6. Early Struggles for Authority.
7. Sacred and Secular Rulers.
8. Novelties and Continuities.
So far, we received a portrait of the Middle East in which all forms of secular authority have always been questionable and un- stable; obedience is won by the strong and clever, and asabiyya is the sole restraint on personal force. The author in this part tries to escape from this condition by introducing the rise of a sacred leader who could unite all the warring tribes under a God-given mandate and who sought to overcome the divisiveness of clans and the coerciveness of rulers by establishing the government of God on earth.
Part IV: Sacred Power: Reciters, Lawyers, Incarnations and SaintsEdit
9. The Essentials of Islam.
10. Recapturing the Sacred Past: The Power of Knowledge.
11. The Partisans of Ali.
12. Sufism in Practice.
13. The Contradictions of Saintly Authority.

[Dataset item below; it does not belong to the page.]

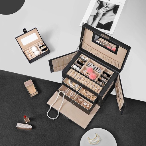 - Co jest w tym pudełku? W tym dużym pudełku na biżuterię o wymiarach 26 x 17 x 18 cm znajdują się 2 szuflady, 2 boczne przegródki na naszyjniki i wiele przegródek na pierścionki i inne akcesoria. W ten sposób oszczędzasz nie tylko miejsce, ale także czas na irytujące poszukiwanie biżuterii.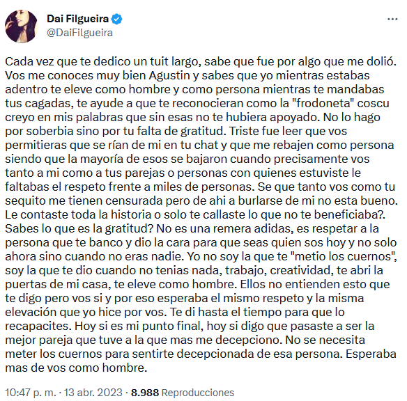 "Cada vez que te dedico un tuit largo, sabé que fue por algo que me dolió. Vos me conocés muy bien, Agustín, y sabés que yo mientras estabas adentro te elevé como hombre y como persona mientras te mandabas tus cagadas", comenzó la joven en un tweet que generó repercusión en las redes.

In this part, the author wants to address the manner in which the community of Islam has dealt with the question of authority after the death of the Prophet and the dispersal of the original community. In this context, the state, at its worst, is a catastrophe to be avoided if possible, suffered if necessary; at its best, it is a protector of the peace and a useful mediator balancing out local disputes, although everyone knows these decisions are manipulated by those in power for their own ends. Small wonder then that the realm of politics has lost its appeal for many Muslims, who have found their refuge instead in religion; a refuge, however, that also reflects the tensions and contradictions of an egalitarian social order.

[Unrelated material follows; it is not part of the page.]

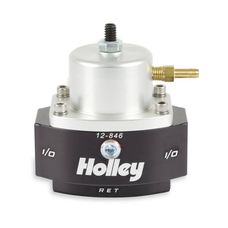 Holley EFI Billet Bypass Style Fuel Pressure Regulator Kits are part of a complete line of fuel system products from Holley. The included 12-846 regulator features a billet aluminum body and a black finish for corrosion resistance and good looks. The regulator contains 8 AN in/out ports, a 6 AN return port, a 1/8" NPT gauge port, and a 1/8" NPT vacuum port for Boost Reference (1:1). In addition, 3 adapter fittings, a barbed fitting for the vacuum port, a mounting bracket, and all necessary hardware are also included.

Part V: Dilemmas of SubordinationEdit
14. Slaves, Eunuchs and Blacks.
15. The Ambiguities of Women.
16. Escapes from Distinction: Love and Friendship.

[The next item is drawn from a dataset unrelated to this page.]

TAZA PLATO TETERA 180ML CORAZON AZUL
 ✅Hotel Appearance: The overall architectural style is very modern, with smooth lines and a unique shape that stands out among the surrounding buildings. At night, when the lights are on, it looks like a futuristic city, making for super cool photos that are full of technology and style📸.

This section deals with the issue of slaves in the Middle East. It has often been observed that the Muslim Middle East was unique in world history in the pervasiveness and importance of slavery within its boundaries. As in the West, the slave in the Middle East was bought and sold, could not testify in court, was sexually available to the master, and so on. But unlike the western slave who was valued primarily for hard labor, many slaves in the Middle East were employed as servants in the house, as concubines, and, most importantly, as soldiers and administrators at the center of power.
To this point, the author’s narrative was almost exclusively male in outlook, reflecting Middle Easterners’ own conventional vision of the public world, where men reign and all deeds of real importance are thought to take place. But here he tries to bold the woman's world which was secret and private, bounded by the walls of her father's house, and then by the compound of her husband and his family.
Part VI: ConclusionEdit
17. Problems and Possibilities.
As the author draws, cultural heritage of the Middle East, is structured by an ancient antagonism between unstable urban civilizations and armed peripheries. This fluid and unreliable setting has favored an entrepreneurial ethic of risk-taking, individual initiative, adaptiveness and mobility among opportunistic co-equals who struggle over ephemeral positions of power and respect, constrained only by participation in a framework of elastic patrilineages. In this final section, the author does not wish to dispute the conventional wisdom, but merely suggest some historically-grounded hypotheses that flow from the cultural premises he has sought to elucidate in the previous chapters.